Only the lines from the start of the data through the line containing "The station consists" should be written out, exactly as they are, with both ends included and the pictures left out.

- - - - - - -

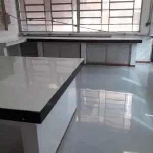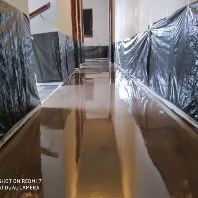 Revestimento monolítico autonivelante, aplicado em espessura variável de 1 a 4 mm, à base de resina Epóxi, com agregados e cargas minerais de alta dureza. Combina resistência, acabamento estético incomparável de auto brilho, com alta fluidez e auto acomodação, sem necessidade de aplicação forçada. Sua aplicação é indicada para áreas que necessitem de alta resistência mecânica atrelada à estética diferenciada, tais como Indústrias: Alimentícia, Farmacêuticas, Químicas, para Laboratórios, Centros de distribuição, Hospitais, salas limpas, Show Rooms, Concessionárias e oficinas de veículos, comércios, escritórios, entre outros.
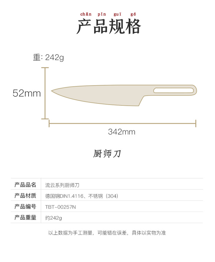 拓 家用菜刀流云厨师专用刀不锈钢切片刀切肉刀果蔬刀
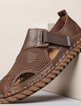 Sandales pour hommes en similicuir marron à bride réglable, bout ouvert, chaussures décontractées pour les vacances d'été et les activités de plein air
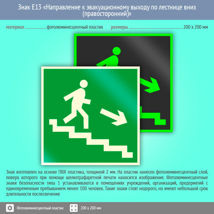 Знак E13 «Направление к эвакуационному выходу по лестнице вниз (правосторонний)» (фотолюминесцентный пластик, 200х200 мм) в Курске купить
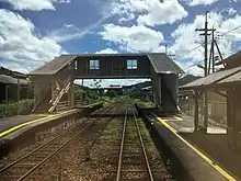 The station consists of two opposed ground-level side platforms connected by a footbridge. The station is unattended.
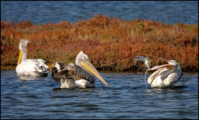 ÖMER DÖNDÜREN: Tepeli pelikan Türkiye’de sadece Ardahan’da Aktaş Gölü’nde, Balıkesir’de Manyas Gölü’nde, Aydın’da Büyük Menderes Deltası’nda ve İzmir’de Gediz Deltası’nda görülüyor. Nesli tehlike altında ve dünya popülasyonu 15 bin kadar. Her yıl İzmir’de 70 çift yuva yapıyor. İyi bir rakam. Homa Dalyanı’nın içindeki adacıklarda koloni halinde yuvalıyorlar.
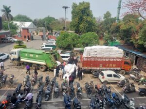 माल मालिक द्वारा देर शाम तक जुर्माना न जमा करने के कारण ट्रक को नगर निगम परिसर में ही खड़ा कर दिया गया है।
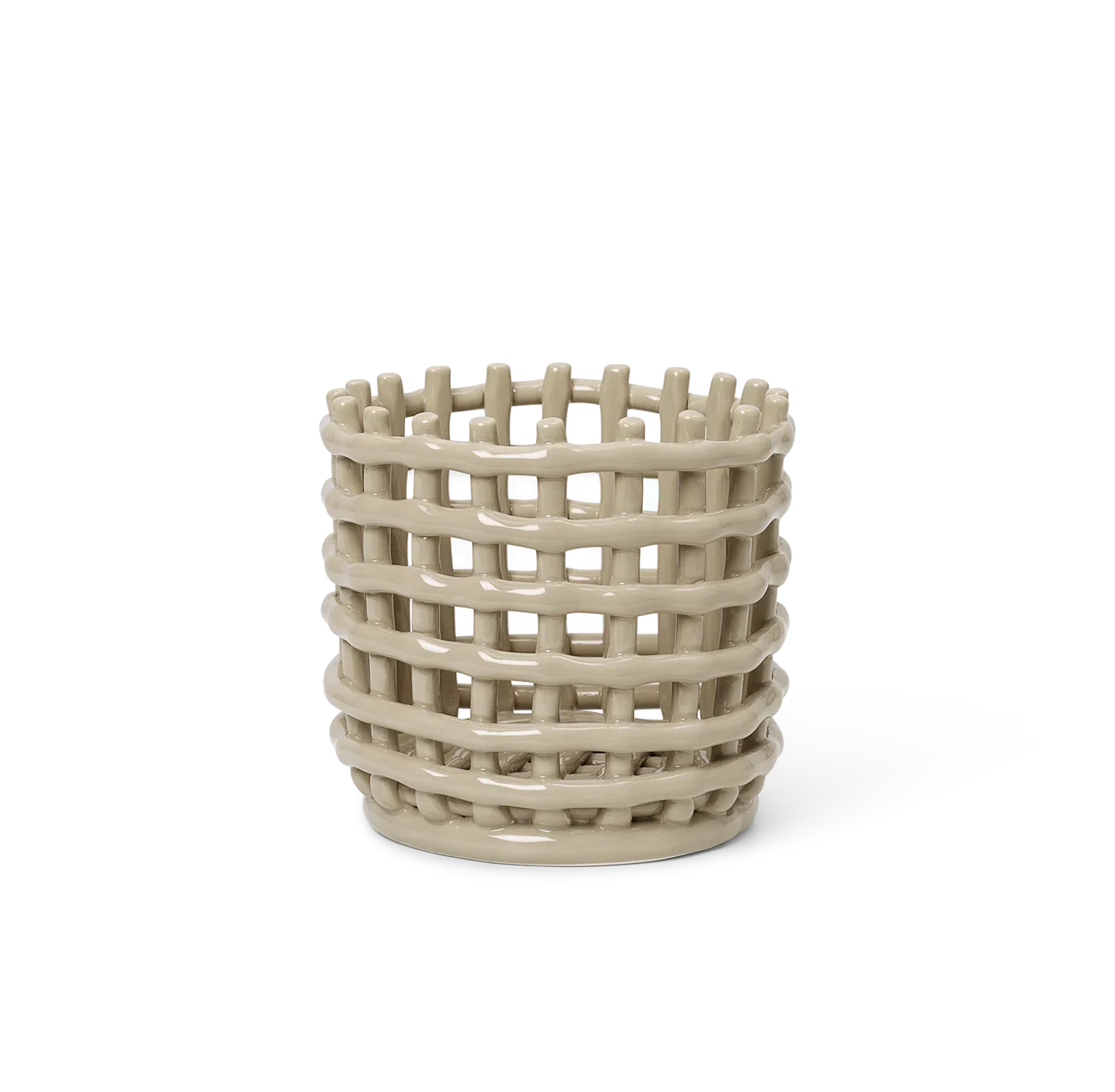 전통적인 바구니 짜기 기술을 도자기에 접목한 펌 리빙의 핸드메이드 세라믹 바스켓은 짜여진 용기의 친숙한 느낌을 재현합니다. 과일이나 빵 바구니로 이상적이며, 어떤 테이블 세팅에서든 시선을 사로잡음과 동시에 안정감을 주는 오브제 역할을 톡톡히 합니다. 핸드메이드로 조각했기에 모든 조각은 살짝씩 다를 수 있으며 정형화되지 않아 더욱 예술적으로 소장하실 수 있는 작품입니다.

- - - - - - -

Exercise result
 Revestimento monolítico autonivelante, aplicado em espessura variável de 1 a 4 mm, à base de resina Epóxi, com agregados e cargas minerais de alta dureza. Combina resistência, acabamento estético incomparável de auto brilho, com alta fluidez e auto acomodação, sem necessidade de aplicação forçada. Sua aplicação é indicada para áreas que necessitem de alta resistência mecânica atrelada à estética diferenciada, tais como Indústrias: Alimentícia, Farmacêuticas, Químicas, para Laboratórios, Centros de distribuição, Hospitais, salas limpas, Show Rooms, Concessionárias e oficinas de veículos, comércios, escritórios, entre outros.
 拓 家用菜刀流云厨师专用刀不锈钢切片刀切肉刀果蔬刀
 Sandales pour hommes en similicuir marron à bride réglable, bout ouvert, chaussures décontractées pour les vacances d'été et les activités de plein air
 Знак E13 «Направление к эвакуационному выходу по лестнице вниз (правосторонний)» (фотолюминесцентный пластик, 200х200 мм) в Курске купить
 The station consists of two opposed ground-level side platforms connected by a footbridge. The station is unattended.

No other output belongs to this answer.